**Information provided**
━━━━

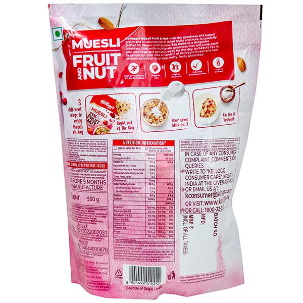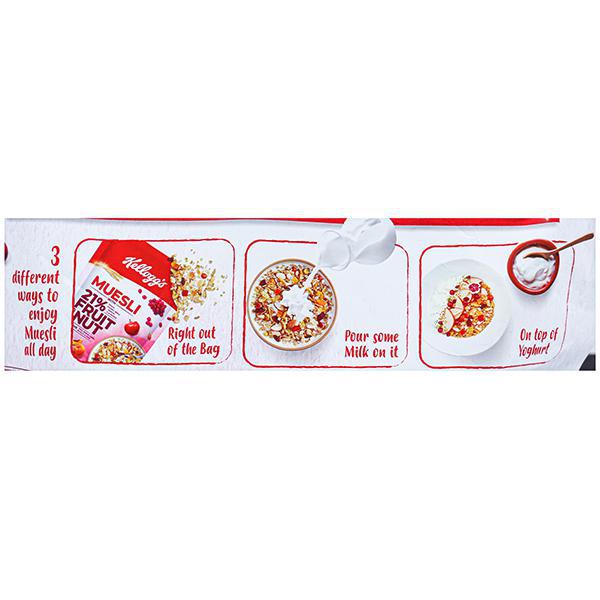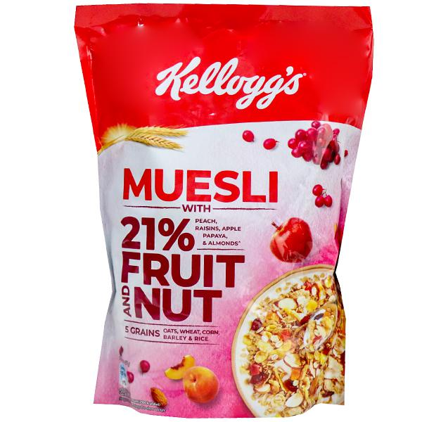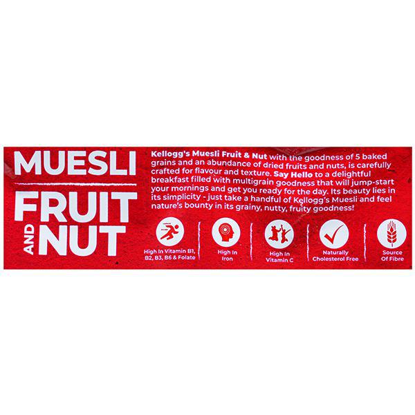 Kelloggs Muesli With 21% Fruit And Nut with the goodness of 5 baked grains and an abundance of dried fruits and nuts, is carefully crafted for flavour and texture. Say hello to a delightful breakfast filled with multigrain goodness that will jump-start your mornings and get you ready for the day.
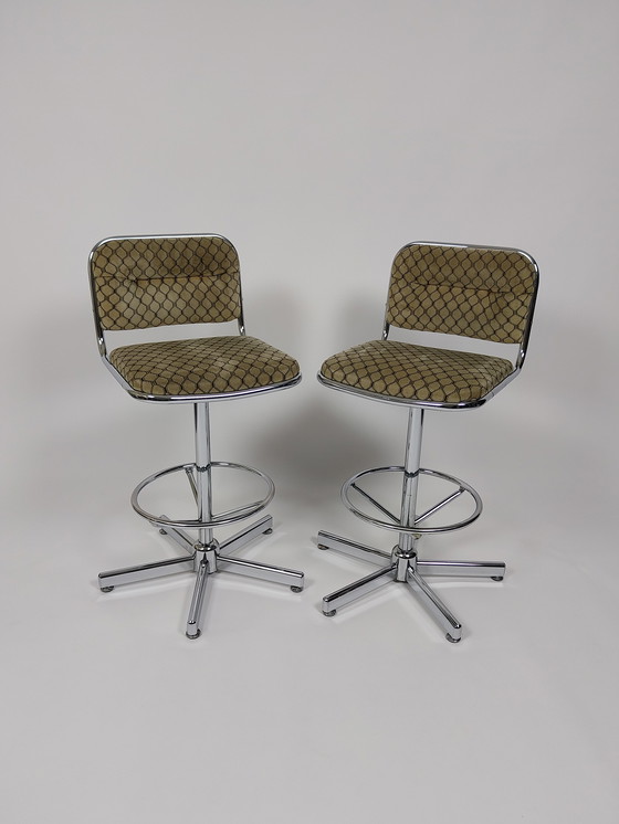Aggiungete un tocco di fascino retrò ai vostri interni con questo bellissimo set di due sgabelli da bar vintage degli anni Settanta. Le sedie hanno un'elegante struttura cromata, una comoda seduta e uno schienale rivestiti con un caratteristico tessuto a nido d'ape. Ideali per il bar, l'isola della cucina o il tavolo alto.
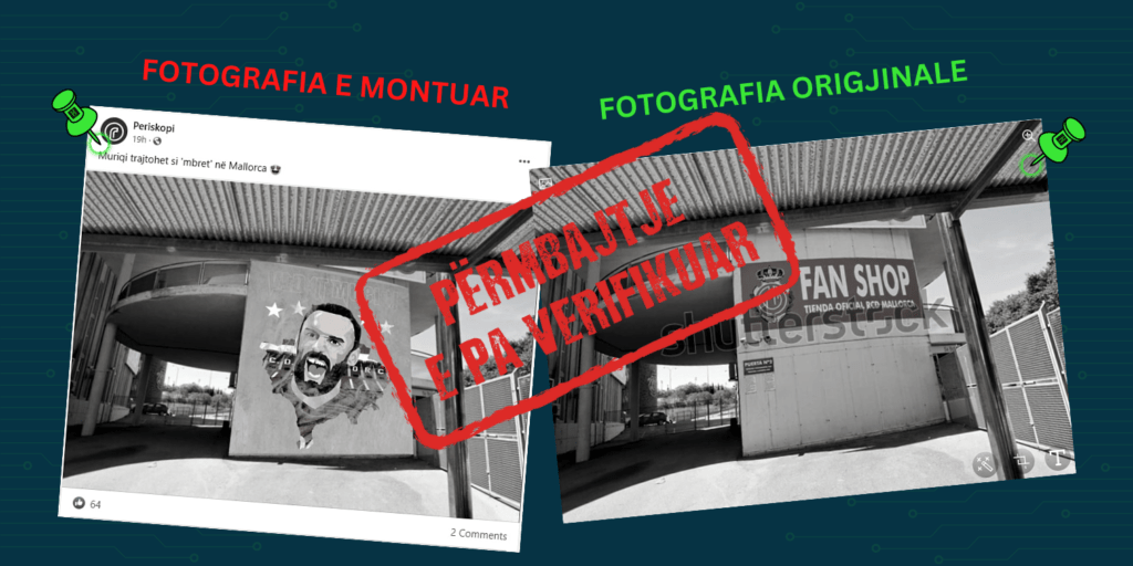 Pas hulumtimit të bërë përmes programit te automatizuar online “InVID” për kontroll faktesh, hibrid.info ka arritur të vërtetojë se kjo fotografi është e montuar, pasi në imazhin e vërtetë nuk gjendet portreti i Muriqit, por në të është logoja e skuadrës Mallorca si dhe shkruan “FAN SHOP TIENDA OFICIAL RCD MALLORCA”. (shih këtu)

━━━━

The result should be a transcript of the lines from the line containing "Aggiungete un tocco" through the end of the listing above, exact, inclusive, and without pictures.

Aggiungete un tocco di fascino retrò ai vostri interni con questo bellissimo set di due sgabelli da bar vintage degli anni Settanta. Le sedie hanno un'elegante struttura cromata, una comoda seduta e uno schienale rivestiti con un caratteristico tessuto a nido d'ape. Ideali per il bar, l'isola della cucina o il tavolo alto.
 Pas hulumtimit të bërë përmes programit te automatizuar online “InVID” për kontroll faktesh, hibrid.info ka arritur të vërtetojë se kjo fotografi është e montuar, pasi në imazhin e vërtetë nuk gjendet portreti i Muriqit, por në të është logoja e skuadrës Mallorca si dhe shkruan “FAN SHOP TIENDA OFICIAL RCD MALLORCA”. (shih këtu)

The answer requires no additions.